What to produce:
Only the pictures are to be dropped, and the rest of the data should be copied exactly.

Data extract:
▼▼▼
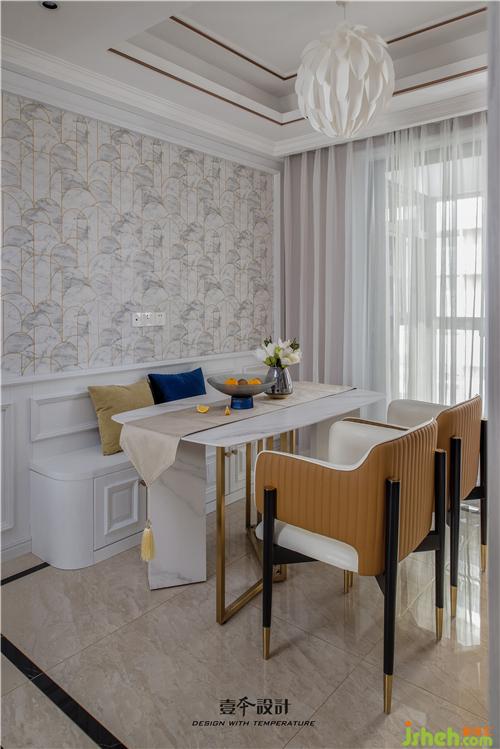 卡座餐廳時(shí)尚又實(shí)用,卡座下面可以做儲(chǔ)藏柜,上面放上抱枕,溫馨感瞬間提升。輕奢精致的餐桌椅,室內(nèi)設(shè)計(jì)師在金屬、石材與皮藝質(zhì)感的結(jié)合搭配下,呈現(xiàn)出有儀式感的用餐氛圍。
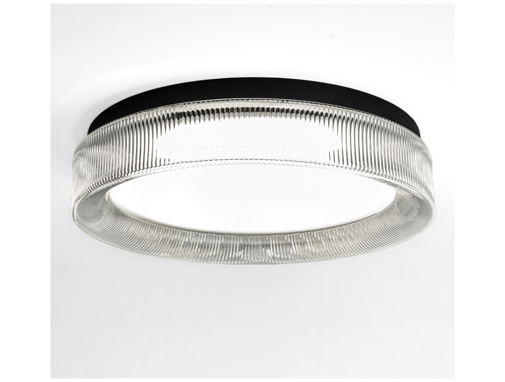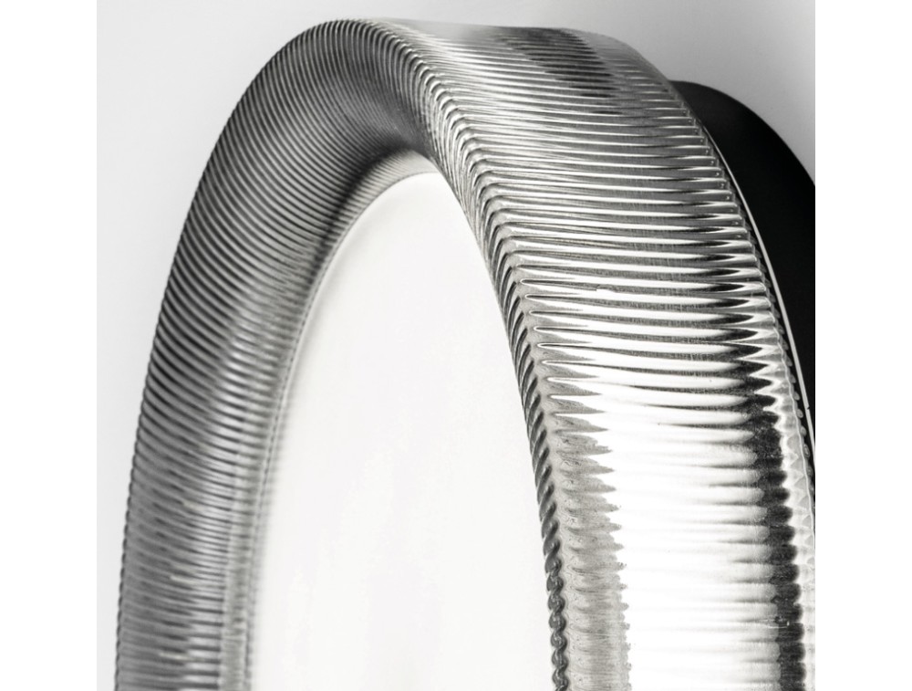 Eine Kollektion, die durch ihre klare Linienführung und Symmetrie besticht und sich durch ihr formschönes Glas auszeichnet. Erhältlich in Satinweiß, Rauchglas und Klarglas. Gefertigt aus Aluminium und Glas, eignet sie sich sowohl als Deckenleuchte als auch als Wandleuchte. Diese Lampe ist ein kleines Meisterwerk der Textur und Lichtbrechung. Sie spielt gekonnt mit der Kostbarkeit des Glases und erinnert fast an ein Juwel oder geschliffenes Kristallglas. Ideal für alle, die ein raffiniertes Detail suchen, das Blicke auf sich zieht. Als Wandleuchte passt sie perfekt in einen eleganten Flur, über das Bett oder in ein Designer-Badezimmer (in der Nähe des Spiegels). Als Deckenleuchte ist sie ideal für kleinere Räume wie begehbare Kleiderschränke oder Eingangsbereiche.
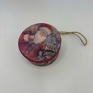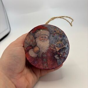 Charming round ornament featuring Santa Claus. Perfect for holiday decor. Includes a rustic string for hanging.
▲▲▲
Exercise output:
 卡座餐廳時(shí)尚又實(shí)用,卡座下面可以做儲(chǔ)藏柜,上面放上抱枕,溫馨感瞬間提升。輕奢精致的餐桌椅,室內(nèi)設(shè)計(jì)師在金屬、石材與皮藝質(zhì)感的結(jié)合搭配下,呈現(xiàn)出有儀式感的用餐氛圍。
 Eine Kollektion, die durch ihre klare Linienführung und Symmetrie besticht und sich durch ihr formschönes Glas auszeichnet. Erhältlich in Satinweiß, Rauchglas und Klarglas. Gefertigt aus Aluminium und Glas, eignet sie sich sowohl als Deckenleuchte als auch als Wandleuchte. Diese Lampe ist ein kleines Meisterwerk der Textur und Lichtbrechung. Sie spielt gekonnt mit der Kostbarkeit des Glases und erinnert fast an ein Juwel oder geschliffenes Kristallglas. Ideal für alle, die ein raffiniertes Detail suchen, das Blicke auf sich zieht. Als Wandleuchte passt sie perfekt in einen eleganten Flur, über das Bett oder in ein Designer-Badezimmer (in der Nähe des Spiegels). Als Deckenleuchte ist sie ideal für kleinere Räume wie begehbare Kleiderschränke oder Eingangsbereiche.
 Charming round ornament featuring Santa Claus. Perfect for holiday decor. Includes a rustic string for hanging.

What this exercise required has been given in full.